Heart Research Centre (Drs Rogerson, Murphy, and Worcester and Mr Le Grande) and Department of Psychiatry, The University of Melbourne (Drs Murphy and Worcester), Melbourne, Victoria, Australia.
J Cardiopulm Rehabil Prev. 2013 Nov-Dec;33(6):385-95. doi: 10.1097/HCR.0b013e3182a5277c.
Physical inactivity has been identified as a distinct health risk. However, little is known about how this can vary at leisure and work in cardiac patients. The aim of this study was to examine the prevalence and predictors of inactivity during leisure and work in the 12 months following a cardiac event in Australian cardiac patients.

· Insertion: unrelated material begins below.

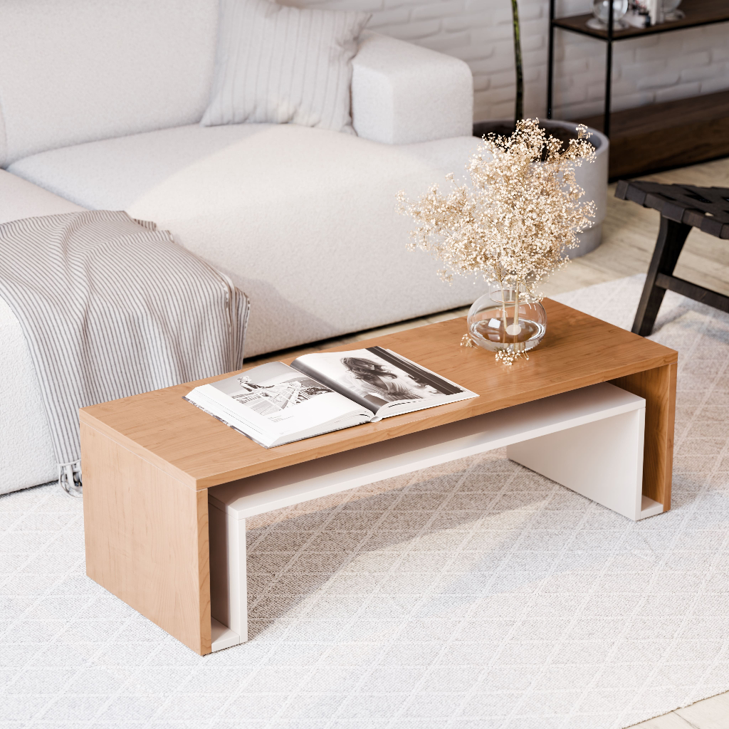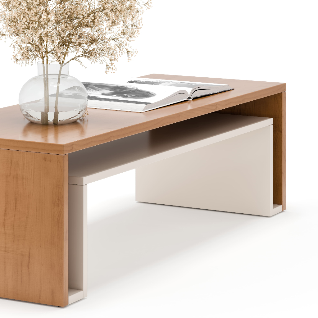 Mesa de Centro Livintus Nature Branco Moderna Decorativa Sala Estar Compacta Elegante com Nicho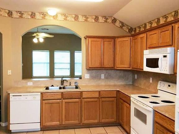 Open concept 3/2/2, 1,600 sf. All appliances, new carpet in bedrooms, paint, AC, roof. Master walk in closet, double electric garage door openers. Large back yard with covered patio and private fence. Sprinkler system. Cathedral ceiling in living room. Large living room with bar separating kitchen. Living room has wood flooring. All electric with gas heating and water heater. inside laundry room. Ceiling fans in all rooms. Near East High School and public walking trail. Great neighborhood. No smokers. All kitchen appliances stay. Dogs allowed- must be 2 yrs old & under 20 lbs. Tenant responsible for yard

A total of 346 patients consecutively admitted to hospital with acute coronary syndrome or to undergo coronary artery bypass graft surgery were interviewed in hospital, and 4 and 12 months later. Leisure and occupational physical activity was measured using the Stanford Brief Activity Survey. Sociodemographic, psychosocial, and clinical data were also collected.

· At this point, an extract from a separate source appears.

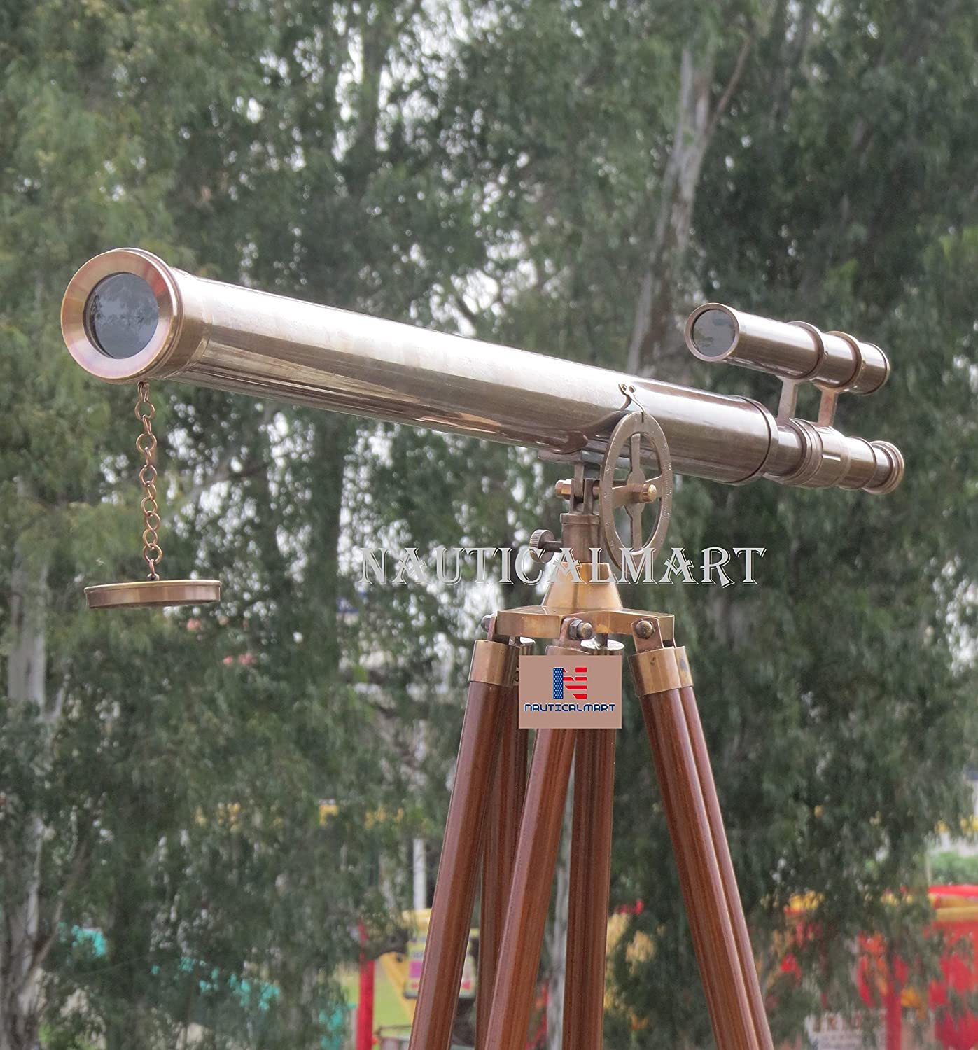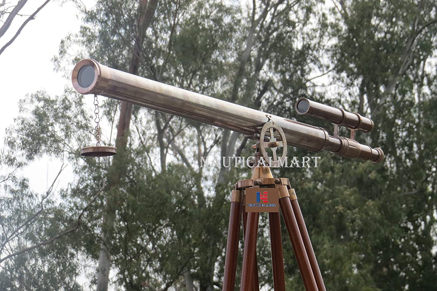 Floor Standing Oil-Rubbed Bronze Griffith Astro Telescope 64" - Telescope with free Gold Basket The Nauticalmart Oil-Rubbed Bronze Griffith Astro Telescope 64 inch with view finder is the pinnacle of our wide telescope selection. This beautiful oil-rubbed bronze telescope is mounted on a wooden tripod. This telescope is a beautifully functioning nautical masterpiece, with a 42mm objective lens that produces up to 15x magnification. Focusing is accomplished by adjusting the eyepiece ring on the telescope tube and a removable oil-rubbed bronze cap, connected by a chain, protects the objective lens.The wooden tripod stand features smooth, polished and round legs, each with oil-rubbed bronze fittings and a screw release to let you adjust the height. An oil-rubbed bronze chain holds the three wooden legs together to maintain the telescope's position. Dimensions: 64 inch H x 25 inch W x 32 inch L 15X Magnification Oil-rubbed bronze telescope body Glass optics for a clear view

The prevalence of leisure-time physical inactivity declined over time, with 52% inactive preevent and 29% inactive at 12 months. Approximately 50% of participants were physically inactive in their work, regardless of whether this was measured before or after the cardiac event. Logistic regression revealed that the significant predictors of leisure-time physical inactivity at 12 months were non-home ownership (OR = 2.19; P = .007) and physical inactivity in leisure-time prior to the event (OR = 2.44; P = .001). The significant predictors of occupational physical inactivity at 12 months were white-collar occupation (OR = 3.10; P < .001) and physical inactivity at work prior to the event (OR = 12.99; P < .001).
Preevent physical inactivity, socioeconomic, and clinical factors predicted both leisure and work inactivity after an acute cardiac event. Effective interventions could be designed and implemented to target those most at risk of being physically inactive at work or leisure.
身体活动不足已被确定为一个明显的健康风险。然而,人们对心脏病患者在闲暇和工作时身体活动不足的情况如何变化知之甚少。本研究旨在调查澳大利亚心脏病患者在发生心脏事件后的 12 个月内,闲暇时间和工作时不活动的发生率和预测因素。
连续纳入 346 例因急性冠状动脉综合征住院或行冠状动脉旁路移植术的患者,在入院时、术后 4 个月和 12 个月进行访谈。使用斯坦福简短活动调查问卷测量闲暇和职业体力活动。还收集了社会人口统计学、心理社会和临床数据。
随着时间的推移,闲暇时间体力活动不足的发生率下降,发病前有 52%的人不活跃,发病 12 个月后有 29%的人不活跃。约 50%的参与者在工作中身体不活跃,而不管这是在心脏事件之前还是之后测量的。Logistic 回归显示,12 个月时闲暇时间体力活动不足的显著预测因素是非自有住房(OR=2.19;P=0.007)和发病前闲暇时间体力活动不足(OR=2.44;P=0.001)。12 个月时职业体力活动不足的显著预测因素是白领职业(OR=3.10;P<0.001)和发病前工作时体力活动不足(OR=12.99;P<0.001)。
发病前体力活动不足、社会经济和临床因素预测了急性心脏事件后闲暇和工作时的不活动。可以设计和实施有效的干预措施,针对那些在工作或闲暇时最有可能不活跃的人。